Sounds pretty neat! Is there an written agent.md for that you could share for that?

adw · 2026-04-19T22:30:39 1776637839

When you’re staffing work to a junior, though, often it’s the opposite.

majormajor · 2026-04-20T03:24:39 1776655479

IME "don't ask questions and just do a bunch of crap based on your first guess that we then have to correct later after you wasted a week" is one of the most common junior-engineer failure modes and a great way for someone to dead-end their progression.

PunchyHamster · 2026-04-19T22:40:16 1776638416

So you are saying they are trying for the whole Artificial Intern vibe ?

naasking · 2026-04-18T13:20:10 1776518410

Diminishing returns are inevitable, agreed, but it's not clear we're near that point yet.
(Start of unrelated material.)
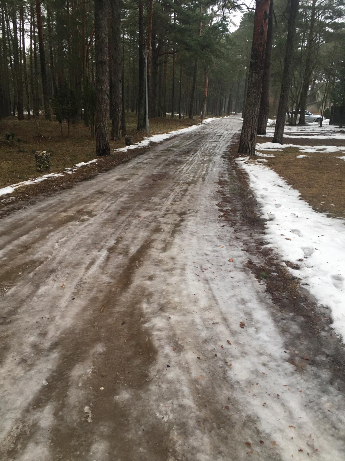 Ceļi un celiņi šoreiz tika notīrīti salīdzinoši ātri, bet, protams, izveidojās arī ledus, kur vajadzēja uzmanīties, lai nenokristu. Ceļš uz skolu slidenākajās vietās bija nokaisīts ar smiltīm.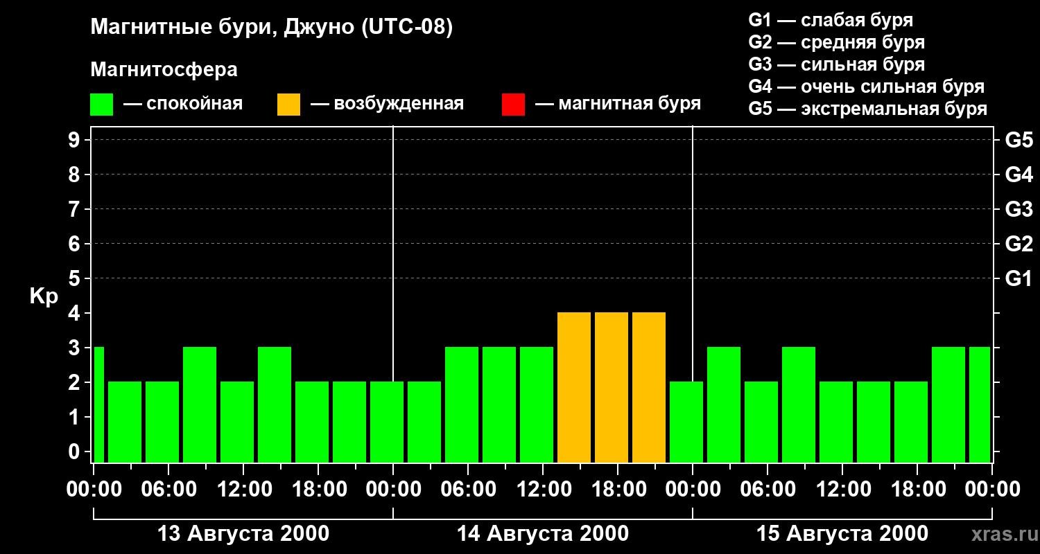 Изменения геомагнитного индекса Kp с 13 по 15 августа 2000 года для средних широт

naasking · 2026-04-18T12:55:32 1776516932

> What other uses do GPU's have that are critical...? lol

GPUs are essential to every kind of scientific and engineering simulation you can think of. AI-accelerated simulations are a huge deal now.

wr2 · 2026-04-18T14:35:17 1776522917

GPUs that have lives of..?

Now compare that with the life a rail road. Amusing.

naasking · 2026-04-18T14:58:36 1776524316

Some of those railroad bridges might never have been constructed without those simulations.

naasking · 2026-04-18T12:54:26 1776516866

> A bridge with a 6 year lifespan for each beam is insane.

Not necessarily. Depends entirely on the value of the transport that the bridge enables.